La centralità della politica greca
La società greca classica aveva nella dimensione pubblica e politica il suo fondamentale punto di coesione, come ci suggerisce la definizione aristotelica dell'uomo come «animale politico». Alla centralità della politica, corrispose per tutta l'età classica una sostanziale marginalizzazione delle rimanenti sfere della vita collettiva, innanzitutto quelle «private» della famiglia e dell'economia. Uomo a tutti gli effetti era soltanto chi, partecipando effettivamente alla vita politica e avendo un ruolo nella difesa militare della città, aveva pieno accesso alla cittadinanza; questa poteva essere più o meno inclusiva, secondo il carattere oligarchico o democratico della costituzione di ogni singola polis, ma non giunse mai, neppure nella democrazia ateniese, a comprendere altri se non gli abitanti maschi adulti. Viceversa, la non ammissione all'assemblea e al servizio militare si traduceva in una posizione sociale subalterna e comportava anche un giudizio di inferiorità umana riguardante i soggetti esclusi.
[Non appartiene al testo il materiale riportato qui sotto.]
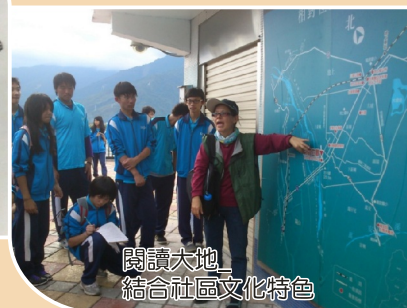
閱讀大地 結合社區文化特色

鼓勵他們做主題研究與小論文的研究，例如：學生為什麼喜歡說髒話及人為什麼要說謊等，也鼓勵孩子對家鄉事物的關懷，研究富里地區有機物的栽培……閱讀家鄉、閱讀大地。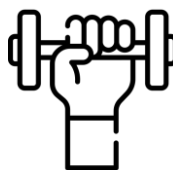
Práctica de deporte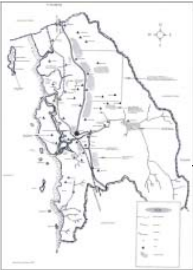
ရဲမြို့နယ်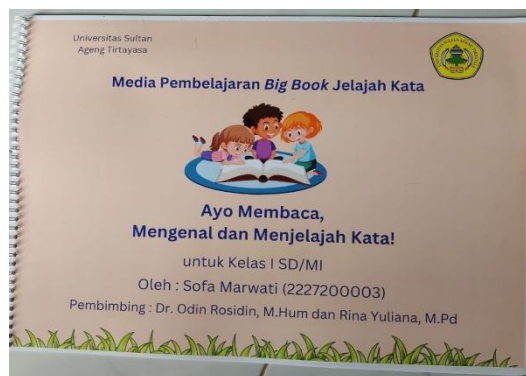
Gambar 2. Tampilan Media Pembelajaran Big Book Jelajah Kata

mengenal huruf vokal, mengenal huruf konsonan, mengenal gabungan huruf vokal, mengenal gabungan huruf konsonan, menjelajah huruf alfabet kapital, menjelajah huruf alfabet nonkapital, mengenal suku kata, menjelajah suku kata, mengenal kata, menjelajah kata, mengenal dan menjelajah kalimat sederhana, cara perawatan media pembelajaran big book jelajah kata, glosarium, daftar pustaka, profil penulis, profil pembimbing, dan cover belakang.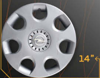
• 5913/4 Agila '08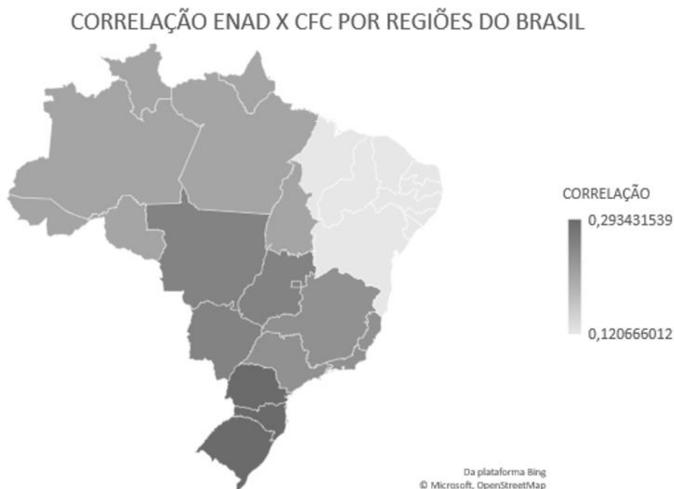
Figura 2: Correlação regional

Para melhor ilustrar esse resultado, foi elaborado o gráfico apresentado na Figura 2, destacando a correlação nas regiões. As cores escuras representam uma correlação mais forte e as cores claras representam uma correlação fraca, o que possibilita a análise específica de cada localidade, lembrando que em todos os lugares a correlação foi estatisticamente fraca.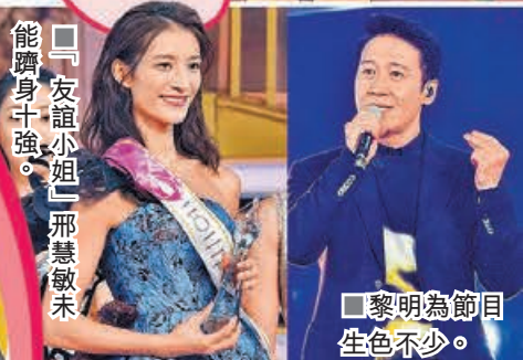
■黎明為節目生色不少。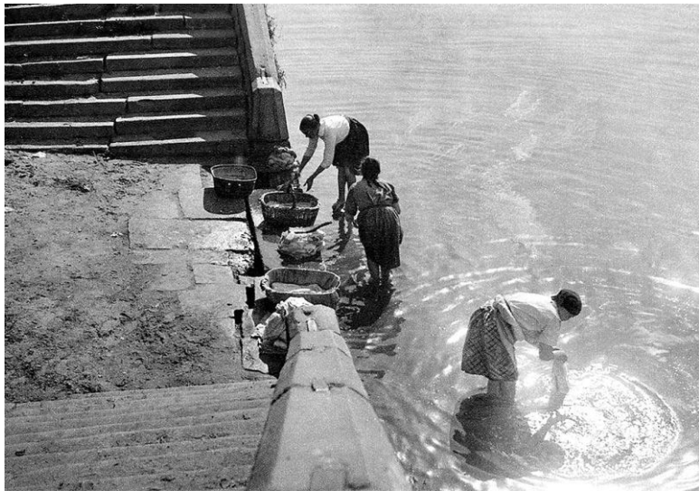
Илл. 1.4. Прачки на Москве-реке. (Alexys A. Sidorow. Moskau... )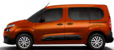
HNEDÁ CUPRITE (M) (Nie je možné objednať pre LIVE PACK)

M – metalická farba; N – nemetalická farba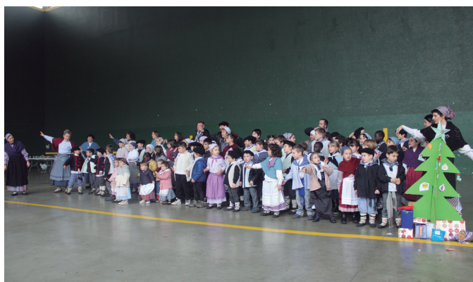
Zubietako eskolakoek senide eta lagunei eskainitako gabonetako kantu saioa.

La subalternità della donna secondo Aristotele
La teorizzazione più significativa della subalternità della donna è quella elaborata Aristotele nella Politica. La supposta inferiorità femminile trova qui giustificazione in base alla dottrina delle facoltà dell'anima. Dopo aver chiarito che la funzione della donna nella famiglia è quella, imposta dalla differenza sessuale, di cooperare con il maschio ai fini della procreazione e della cura dei figli e della casa, Aristotele osserva che se l'uomo si distingue dagli animali per il possesso della facoltà razionale, la donna si distingue a sua volta dall'uomo maschio perché dotata di una razionalità solo parziale e, per così dire "dimezzata". La ragione e la competenza linguistica della donna sarebbero ristrette e limitate alla capacità di comprendere e obbedire agli ordini del capo famiglia.
Anche nell'ambito della procreazione, alla donna è assegnato da Aristotele un ruolo secondario. Nel concepimento, la madre interviene infatti come materia, cui il padre imprime il suggello della propria forma.
Domande da interrogazione
- Qual è il ruolo dell'uomo nella società greca classica secondo Aristotele?
- Come viene giustificata la subalternità della donna nella teorizzazione aristotelica?
- Qual è il ruolo della donna nella procreazione secondo Aristotele?
Nella società greca classica, l'uomo era considerato un "animale politico" e aveva un ruolo centrale nella vita pubblica e politica. Solo chi partecipava attivamente alla vita politica e alla difesa militare della città aveva pieno accesso alla cittadinanza.
Aristotele giustifica la subalternità della donna basandosi sulla dottrina delle facoltà dell'anima, sostenendo che la donna possiede una razionalità parziale e limitata, destinata a comprendere e obbedire agli ordini del capo famiglia.
Secondo Aristotele, nella procreazione, la donna ha un ruolo secondario, intervenendo come materia su cui il padre imprime la propria forma, sottolineando così la sua posizione subordinata.